A push-poll was conducted, clearly designed to whip up public sentiment against public education. The Education Quality Improvement Act (Bill 160), funding cuts and centralization of authority followed. And at the end of October 1997, unions and the public rallied in a two week period of strikes and protests across Ontario.
On November 10, the strike ended when, one by one, education union leadership instructed members to return to work—despite polling indicating a majority of the public supported the teachers. And on December 1, 1997, Bill 160 became law.
Cuts to public education In Ontario—or across Canada, for that matter, as provincial governments follow a similar template—did not begin in December 1997. And they certainly didn’t end when the Ontario Conservatives were voted out in 2003. But this period is a reminder of what’s at stake when we assume progress, or support for the public institutions that make progress possible, is a given. And it provides a useful and increasingly relevant roadmap of the regressive forces that have never vanished, particularly when it comes to limiting their influence and authority.

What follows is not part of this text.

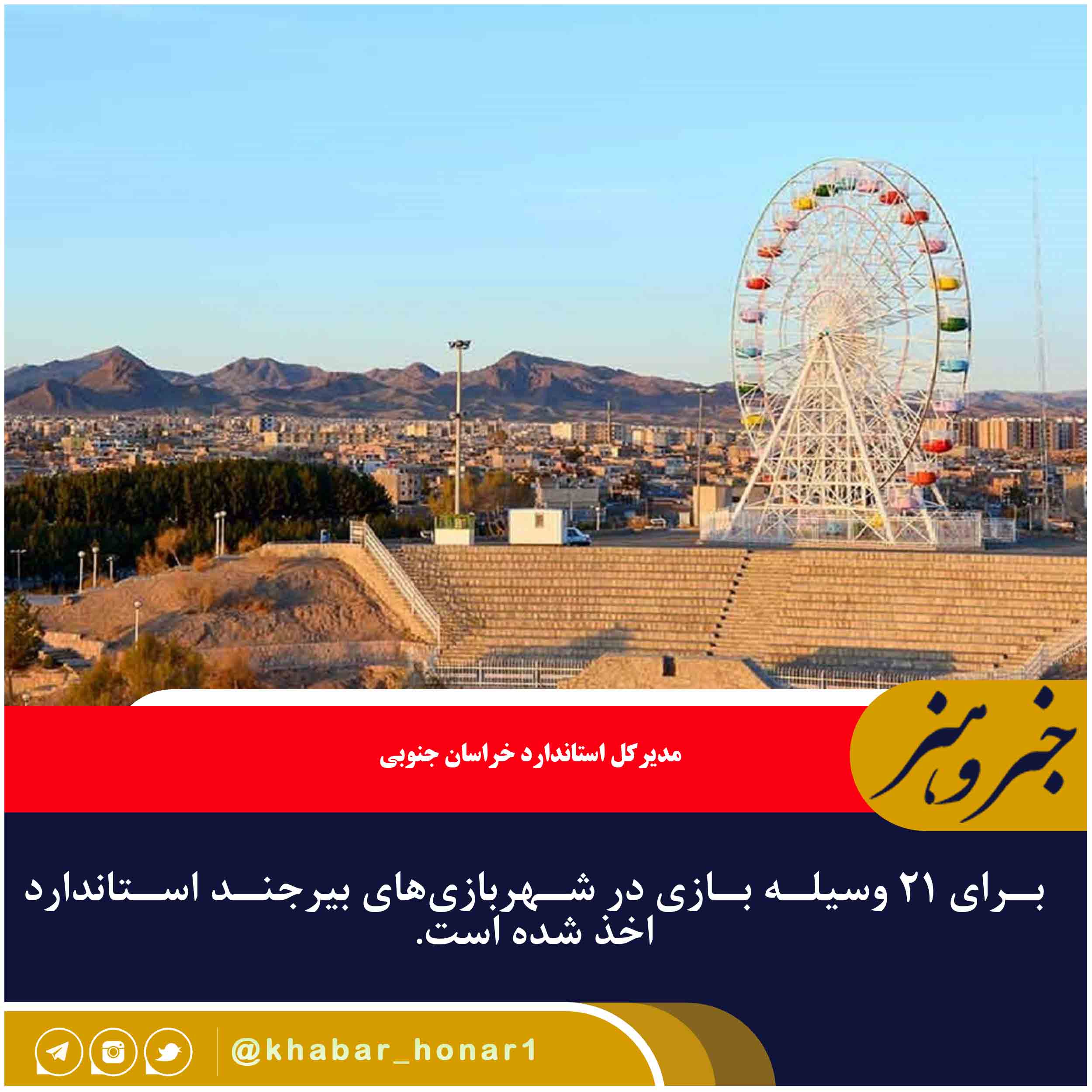 دستورانی مدیرکل استاندارد خراسان جنوبی گفت در دیدار با نماینده ولی فقیه در استان گفت: در سطح استان ۳۷۰ بازرسی از سطح شهربازیهای استان صورت گرفته و در این زمینه تمام وسایل بازی در ۲۶ بوستان بیرجند شناسایی شده و در شهرهای بازی از ۴۷ وسیله ۲۱ مورد را مجبور به اخذ استاندار کردیم.

Public institutions and infrastructure hold a mirror up to society and are also expected to compensate for (or absorb) society’s inadequacies. The first role—as a mirror—reflects how the State has either invested in and supported communities, particularly those most vulnerable—or not. The second role is indicative of what happens when the State neglects its first responsibility, and how public services (and those who staff them) are expected to respond, often with fewer and fewer resources, in some cases as the last line of defence against the ferocity of neoliberalism.
Inequality is skyrocketing. Wages are not keeping pace with basic needs. Housing is increasingly financialized. Provincial and federal governments aren’t doing even the bare minimum to deal with the crisis in post-secondary education and training. Cuts to the federal public service stand to decimate programs that we all depend on—to massively increase funding to National Defence.
This is where public education is situated—at a time when provincial governments continue to underfund and underresource, as class sizes grow, as special needs programs are shortchanged, and as control is centralized.
And as educators, students and their families pay the price—in communities across the country.
The authors in this issue explore what students, educators and school communities are grappling with in the absence of provincial leadership that sees public education as a system and a service to be prioritized rather than a budget to be decimated.
From rising violence, to pronoun wars, to the denigration of certain degrees as akin to “basketweaving,” to book bans, to (more) cuts to student assistance, to governments using mechanisms to sidestep their legal obligations, public institutions are under attack.
But as these articles also demonstrate, workers are pushing back, in defense of their rights and in defense of the public education system and the students and communities it services.
It bears mentioning that 30 years later we are exactly where advocates warned us we would be when John Snobelen waxed poetic about creating a crisis in education. The difference is that subsequent provincial governments right across the country—within a federal framework that seems intent to willingly shrink to a bathtub sized version of itself (google Grover Norquist)—have steadily, relentlessly chipped away at the funding infrastructure that keeps our schools viable, and the democratic mechanisms that help ensure public responsiveness and community engagement, under the rhetorical guise of “efficiency” and “accountability.”
If we are to learn anything from the decades of activism, it is that progress is never a given, that the fight for justice and equality is ongoing, and that building empathetic and compassionate communities is a full time commitment.
We are as indebted as we were back in the 90s to those who continue to remind us, every day, in word and deed, that while the stakes are high, so too must be our standards when it comes to shaping the world as we want it to be….and what we must do to get there.